Once we're sure, we can use the Geolocation API, we can call navigator.geolocation.getCurrentPosition, with references to the success and failure functions as its parameters:

navigator.geolocation.getCurrentPosition(savePosition, errorPosition);

It's worth mentioning here that a third parameter is available, which takes a PositionOptions object. This may contain the following properties:

  • enableHighAccuracy: This is a Boolean value. It enables high accuracy mode (default: off).

  • timeout: This is a Boolean value. This is the threshold beyond which the API times out (in milliseconds; the default is no limit).

  • maximumAge: This is a long value. The maximum age of a cached location that we'll accept, in milliseconds (default: 0).

If we enable high accuracy mode, mobile devices with GPS units will attempt to use it to get the best possible location information (if their owner has allowed it); otherwise, they may default to using trilateration to determine the location. However, because not all devices have these units and because GPS signals are not always available, requesting the current position with high accuracy is more likely to fail.

While high accuracy, location detection will not automatically fall back to the standard method, you can achieve this yourself, if you like. First, call getCurrentPosition with highAccuracy set to true and with a reference to a new error handling function:

navigator.geolocation.getCurrentPosition(savePosition, highAccuracyErrorPosition, {enableHighAccuracy: true});

All this new error handler, highAccuracyErrorPosition, does is call getCurrentPosition with highAccuracy set to false:

function highAccuracyErrorPosition(error) {

navigator.geolocation.getCurrentPosition(savePosition, errorPosition, {enableHighAccuracy: false});


The result is that the browser attempts to use high-accuracy location detection, and falls back to the standard method if it is not available due to some reason.

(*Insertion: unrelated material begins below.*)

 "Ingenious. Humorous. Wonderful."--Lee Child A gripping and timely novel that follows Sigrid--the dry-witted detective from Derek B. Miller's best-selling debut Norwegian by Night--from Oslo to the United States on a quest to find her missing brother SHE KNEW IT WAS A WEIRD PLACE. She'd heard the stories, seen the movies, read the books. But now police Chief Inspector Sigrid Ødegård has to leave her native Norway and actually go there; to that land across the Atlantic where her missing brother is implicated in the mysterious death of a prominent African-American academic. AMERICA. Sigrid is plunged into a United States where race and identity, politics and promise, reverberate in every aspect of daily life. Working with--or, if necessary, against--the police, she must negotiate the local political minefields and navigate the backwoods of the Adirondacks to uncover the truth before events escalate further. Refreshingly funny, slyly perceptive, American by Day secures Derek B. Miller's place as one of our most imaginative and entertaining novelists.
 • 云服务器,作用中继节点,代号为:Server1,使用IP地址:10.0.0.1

Should the user decline authorization for location information, this continues to be respected down the chain.

The callback script, callback.php, first loads the database functionality from lib.php and ensures that it can connect. If connection fails for some reason, it returns an HTTP error 500 (Internal Server Error), which tells index.php to display an error to the user, as previously described.

If callback.php is connected to the database successfully, it then sanitizes the input variables, latitude and longitude. It's important to make sure both are cast to floating point variables, to minimize the risk of SQL injection attacks. The script also retrieves the current UNIX epoch timestamp (represented as the number of seconds since 00:00 on January 1, 1970).

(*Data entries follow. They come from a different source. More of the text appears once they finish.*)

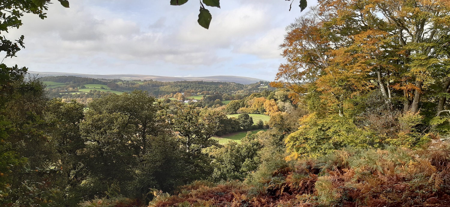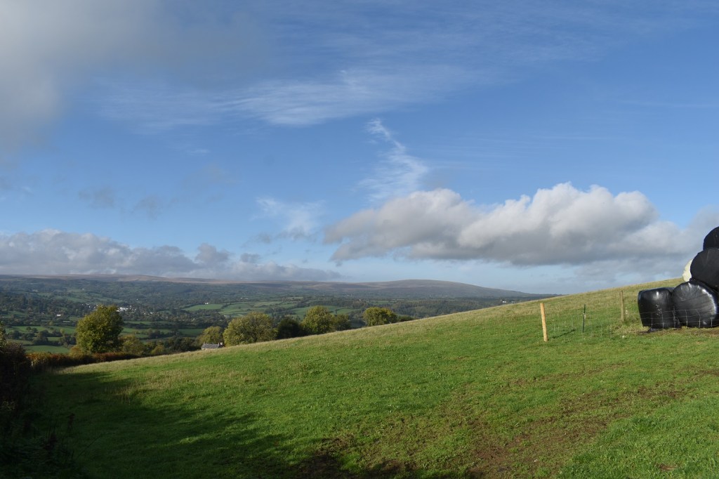 Plenty of green fields as we look down to Chagford with Meldon Hill on the left
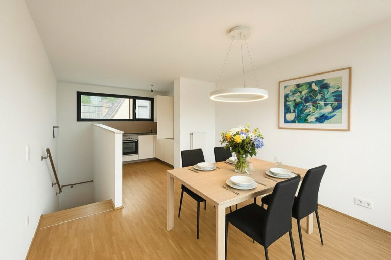 Die Wohnung erstreckt sich über zwei Ebenen und beeindruckt mit lichtdurchfluteten Räumen, großen Fensterflächen und einem ruhigen Balkon zum Innenhof. Perfekt, um den Morgen mit einer Tasse Kaffee zu beginnen oder den Abend entspannt ausklingen zu lassen.
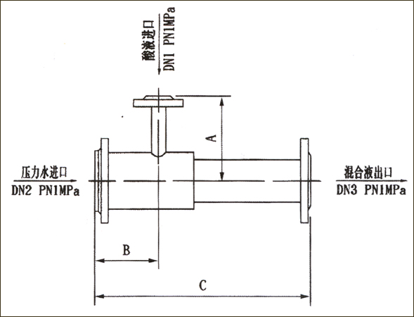喷射器是依靠高压液体(一般为水),经喷咀形成的高速流所产生的负压来吸入并喷射另一种低压流的设备,同时具有混合作用,在水处理中,衬里喷射器用来稀释和输送盐酸再生液。
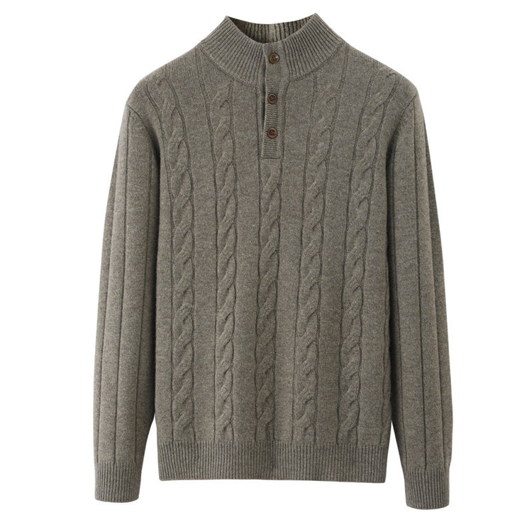 Men’s Half-Height Henry Collar Sweater Thick Twisted Cable-Knit Knitwear
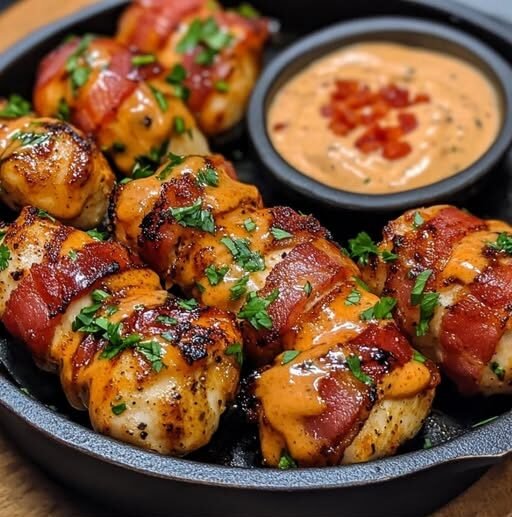 You know a dish is a crowd-pleaser when it disappears before you even set down the tray. These Sriracha Honey Bacon-Wrapped Chicken Bites are fiery, sticky, and smoky — the holy trifecta of flavor. Paired with a cool, tangy Creamy Pimento Dip, they’re the MVP of your next game day, BBQ, or anytime-you-want-to-wow snack platter.

The script makes it possible to store location information for an unlimited number of users. However, because authentication and user handling are not within the scope for this book, we've hardcoded the user's unique ID to 1. If you had a separate MySQL user table, for example, you would set this value to the ID of the currently logged-in user. This ID would be saved in the current browser session at the point of login. callback.php would use the version saved in the session rather than sent to it explicitly via a GET or POST variable, to prevent third parties from maliciously saving location information to a user's account.

Finally, callback.php attempts to save this data to the MySQL table we created in the previous section, using a standard MySQL insert call:

$query =    "insert into points set 'longitude' = {$longitude}, 
    'latitude' = {$latitude},
    'user_id' = {$user},
    'time' = {$time}";

Once again, if an error occurs, the script returns an HTTP 500 error so that the JavaScript on index.php can let the user know in a friendly way.

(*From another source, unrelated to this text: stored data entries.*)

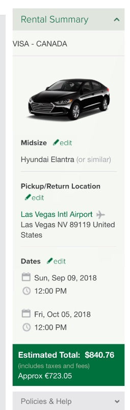 Via National EC executive met Visa Canada code 8572158 en coupon code NDA2324BR kom ik uit op $841 voor 9/9 - 5/10 in Las Vegas. Omgerekend is dat €723...scheelt nogal met Hertz.
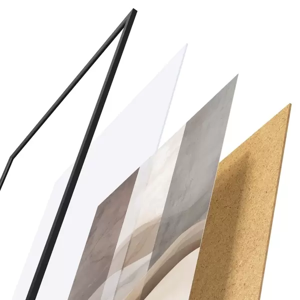 El póster consta de marco, plexiglás, imagen impresa y soporte de aglomerado. El póster puede colgarse inmediatamente en la pared gracias a los soportes de la parte posterior.
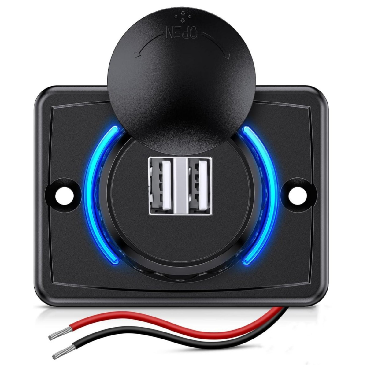 Kształt: prostokątny; Kolor korpusu: czarny; Napięcie przewodzenia: 12-24V; Podświetlenie: niebieski; 2 porty USB

Otherwise, we can reasonably assume that the data was saved in our MySQL table. Because we saved it with timestamp information, and because we are also saving the user's unique ID in the same table row, we will be able to easily retrieve any individual user's locations in chronological order later on.

PHP's default HTTP response code is 200: OK. This tells the jQuery call in index.php that the positioning data was saved without any problems. In turn, index.php lets the user know that his/her location was saved.